Make an exact transcript of the lines in the data below, starting with the one containing "LỊCH CÔNG TÁC TUẦN 6 TỪ 13 - 18/10/2025" and going on through the one containing "Ethereum traded near", with both included and the pictures left out.
##### SOURCE MATERIAL #####
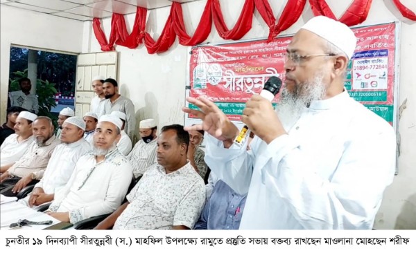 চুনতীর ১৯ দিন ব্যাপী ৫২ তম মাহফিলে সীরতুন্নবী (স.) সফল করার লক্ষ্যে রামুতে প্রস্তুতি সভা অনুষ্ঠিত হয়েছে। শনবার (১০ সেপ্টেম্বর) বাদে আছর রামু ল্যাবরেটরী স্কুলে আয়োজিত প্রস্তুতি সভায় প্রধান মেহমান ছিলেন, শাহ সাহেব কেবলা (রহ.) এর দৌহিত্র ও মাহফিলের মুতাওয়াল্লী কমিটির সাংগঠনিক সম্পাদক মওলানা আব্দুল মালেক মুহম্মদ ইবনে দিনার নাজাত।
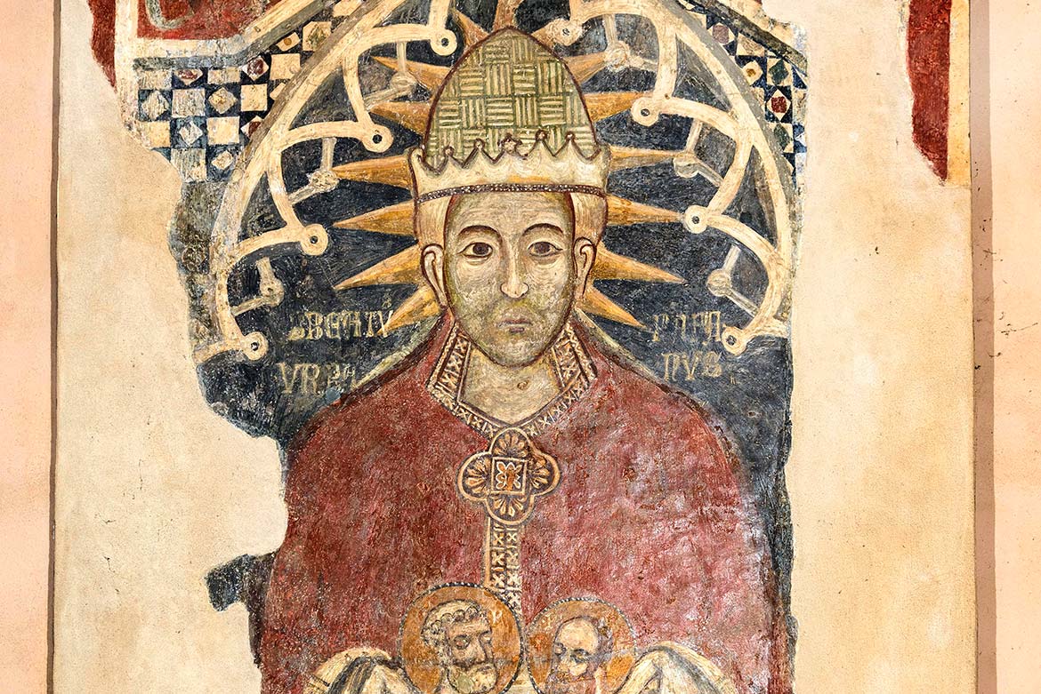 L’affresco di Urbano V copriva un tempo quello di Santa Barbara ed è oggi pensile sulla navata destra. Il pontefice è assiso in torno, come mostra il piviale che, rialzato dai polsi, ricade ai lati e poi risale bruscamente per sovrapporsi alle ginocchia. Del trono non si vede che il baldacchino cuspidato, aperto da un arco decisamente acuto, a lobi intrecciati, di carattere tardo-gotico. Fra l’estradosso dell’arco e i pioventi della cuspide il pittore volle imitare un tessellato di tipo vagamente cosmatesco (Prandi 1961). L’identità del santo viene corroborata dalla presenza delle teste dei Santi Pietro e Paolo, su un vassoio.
#####
##### SOURCE MATERIAL #####
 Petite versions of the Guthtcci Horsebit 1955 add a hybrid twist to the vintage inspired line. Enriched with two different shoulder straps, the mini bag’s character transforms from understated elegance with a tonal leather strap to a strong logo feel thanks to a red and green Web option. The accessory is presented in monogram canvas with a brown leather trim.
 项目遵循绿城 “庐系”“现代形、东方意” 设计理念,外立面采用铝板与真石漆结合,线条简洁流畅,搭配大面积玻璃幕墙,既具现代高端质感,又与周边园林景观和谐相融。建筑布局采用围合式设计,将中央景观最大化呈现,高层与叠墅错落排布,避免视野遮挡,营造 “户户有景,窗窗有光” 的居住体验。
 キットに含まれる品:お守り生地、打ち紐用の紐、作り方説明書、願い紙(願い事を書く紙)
#####
##### SOURCE MATERIAL #####
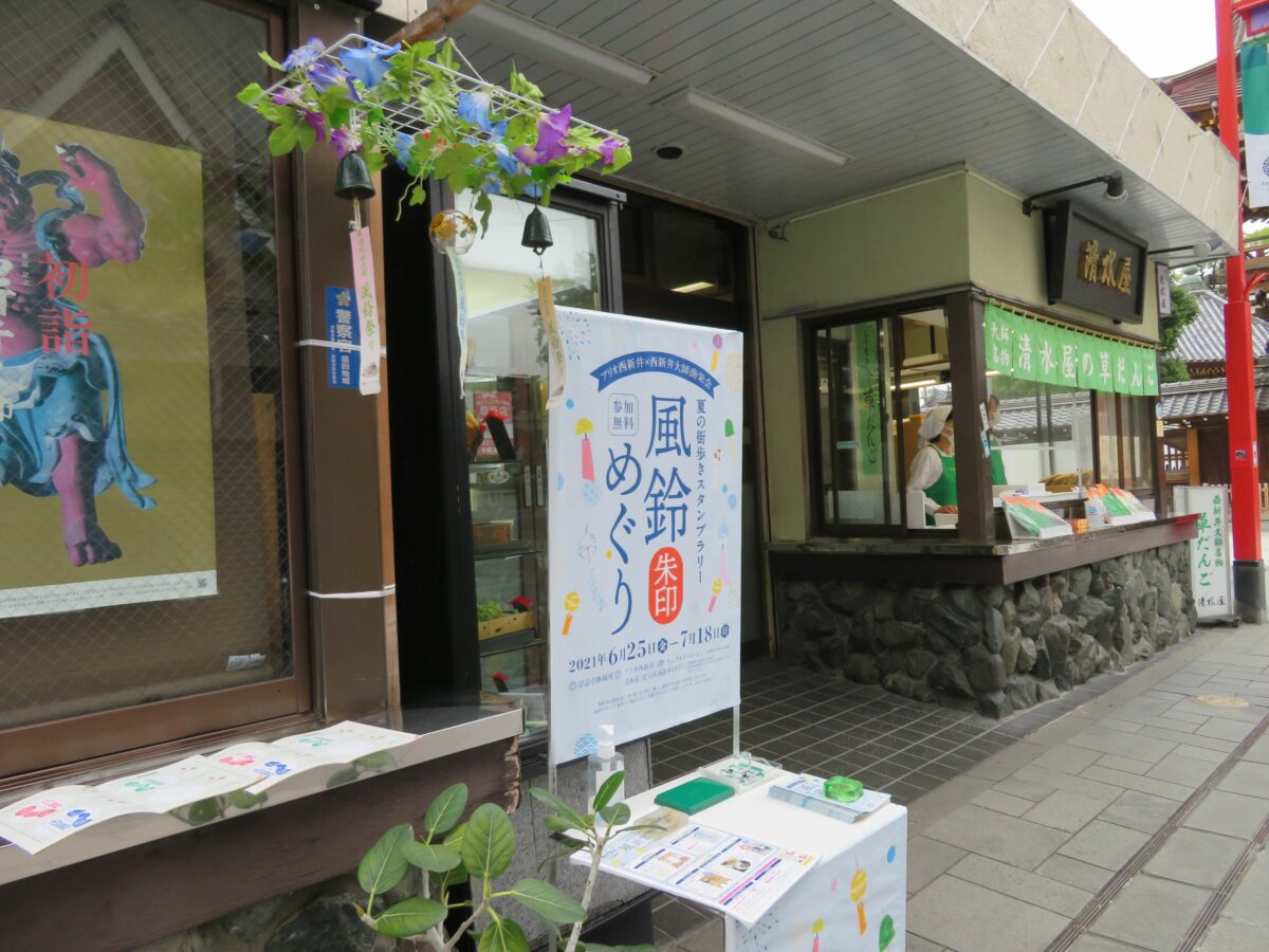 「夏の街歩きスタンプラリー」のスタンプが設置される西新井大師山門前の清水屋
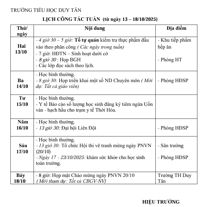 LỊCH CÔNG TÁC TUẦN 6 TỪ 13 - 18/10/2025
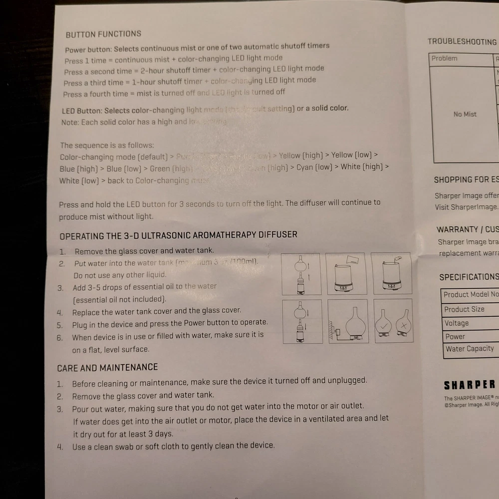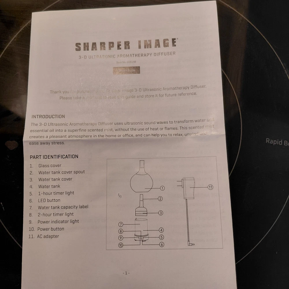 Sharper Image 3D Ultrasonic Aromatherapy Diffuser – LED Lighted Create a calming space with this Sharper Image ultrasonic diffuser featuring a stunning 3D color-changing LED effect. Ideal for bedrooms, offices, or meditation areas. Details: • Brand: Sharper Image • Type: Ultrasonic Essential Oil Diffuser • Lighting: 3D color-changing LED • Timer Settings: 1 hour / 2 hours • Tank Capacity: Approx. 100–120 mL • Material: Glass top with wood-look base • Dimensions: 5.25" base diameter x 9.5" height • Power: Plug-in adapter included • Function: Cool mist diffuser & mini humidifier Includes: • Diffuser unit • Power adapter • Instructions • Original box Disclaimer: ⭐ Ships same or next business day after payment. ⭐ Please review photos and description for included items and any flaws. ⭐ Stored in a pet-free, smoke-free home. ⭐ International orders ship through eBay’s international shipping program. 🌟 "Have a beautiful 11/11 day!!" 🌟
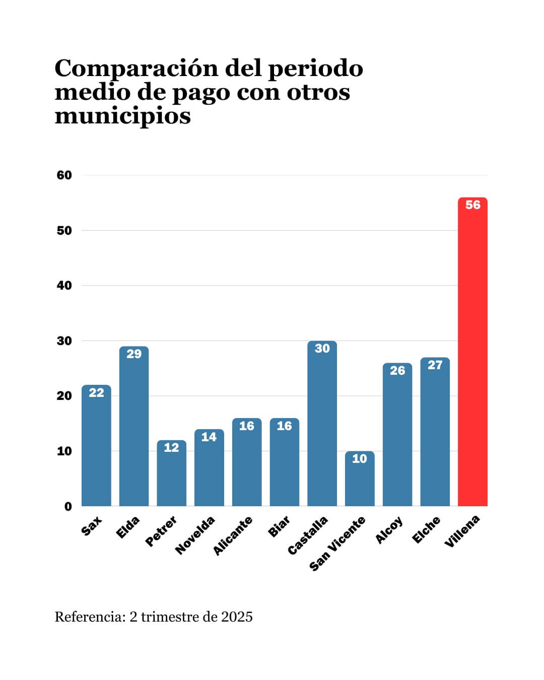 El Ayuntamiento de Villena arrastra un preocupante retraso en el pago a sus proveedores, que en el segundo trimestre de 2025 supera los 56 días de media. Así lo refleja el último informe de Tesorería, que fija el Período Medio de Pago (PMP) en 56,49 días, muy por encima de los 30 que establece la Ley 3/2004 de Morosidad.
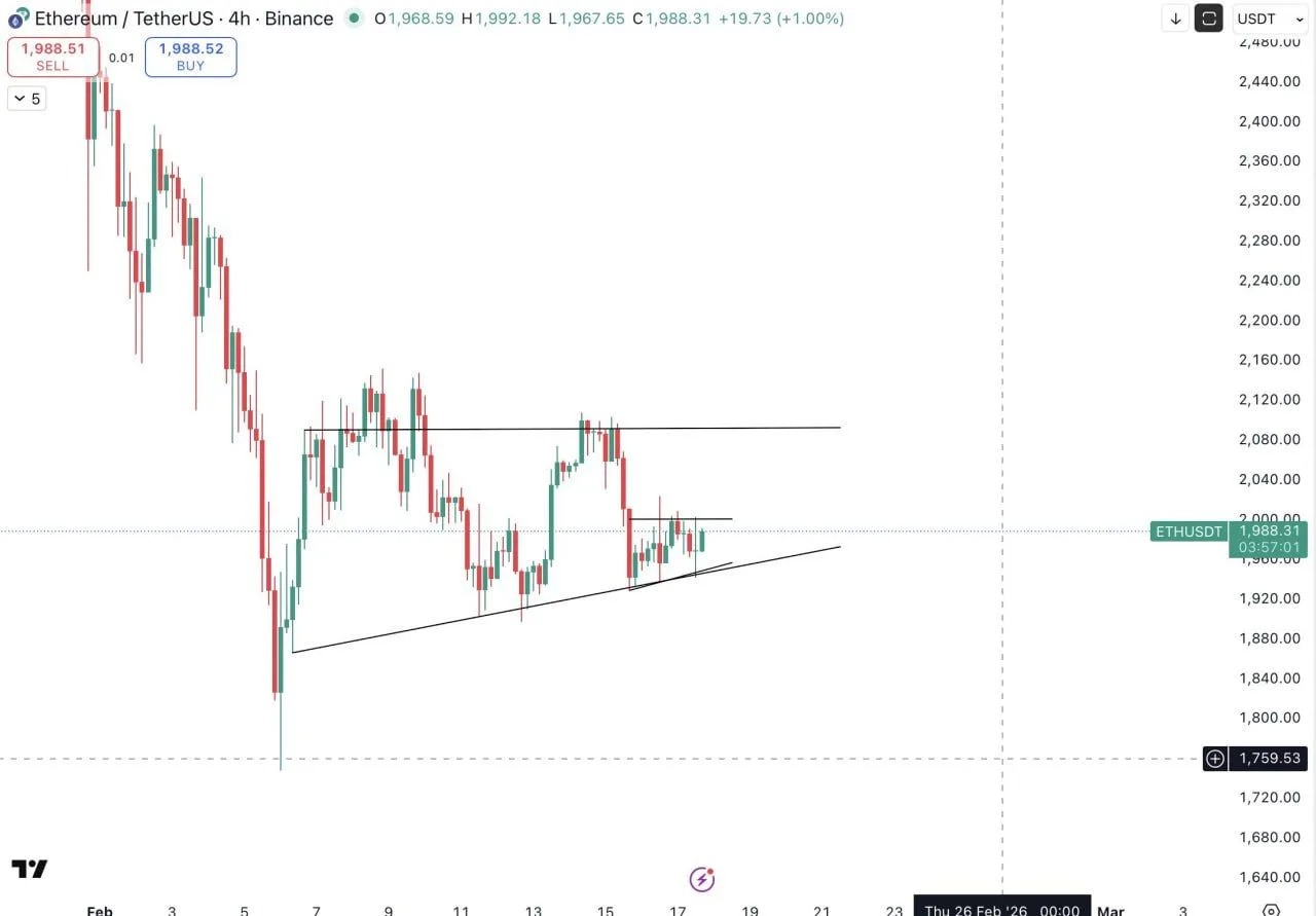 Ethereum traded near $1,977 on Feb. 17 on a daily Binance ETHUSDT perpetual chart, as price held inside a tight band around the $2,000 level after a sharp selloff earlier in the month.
#####
## RESPONSE TO THIS TASK
 LỊCH CÔNG TÁC TUẦN 6 TỪ 13 - 18/10/2025
 Sharper Image 3D Ultrasonic Aromatherapy Diffuser – LED Lighted Create a calming space with this Sharper Image ultrasonic diffuser featuring a stunning 3D color-changing LED effect. Ideal for bedrooms, offices, or meditation areas. Details: • Brand: Sharper Image • Type: Ultrasonic Essential Oil Diffuser • Lighting: 3D color-changing LED • Timer Settings: 1 hour / 2 hours • Tank Capacity: Approx. 100–120 mL • Material: Glass top with wood-look base • Dimensions: 5.25" base diameter x 9.5" height • Power: Plug-in adapter included • Function: Cool mist diffuser & mini humidifier Includes: • Diffuser unit • Power adapter • Instructions • Original box Disclaimer: ⭐ Ships same or next business day after payment. ⭐ Please review photos and description for included items and any flaws. ⭐ Stored in a pet-free, smoke-free home. ⭐ International orders ship through eBay’s international shipping program. 🌟 "Have a beautiful 11/11 day!!" 🌟
 El Ayuntamiento de Villena arrastra un preocupante retraso en el pago a sus proveedores, que en el segundo trimestre de 2025 supera los 56 días de media. Así lo refleja el último informe de Tesorería, que fija el Período Medio de Pago (PMP) en 56,49 días, muy por encima de los 30 que establece la Ley 3/2004 de Morosidad.
 Ethereum traded near $1,977 on Feb. 17 on a daily Binance ETHUSDT perpetual chart, as price held inside a tight band around the $2,000 level after a sharp selloff earlier in the month.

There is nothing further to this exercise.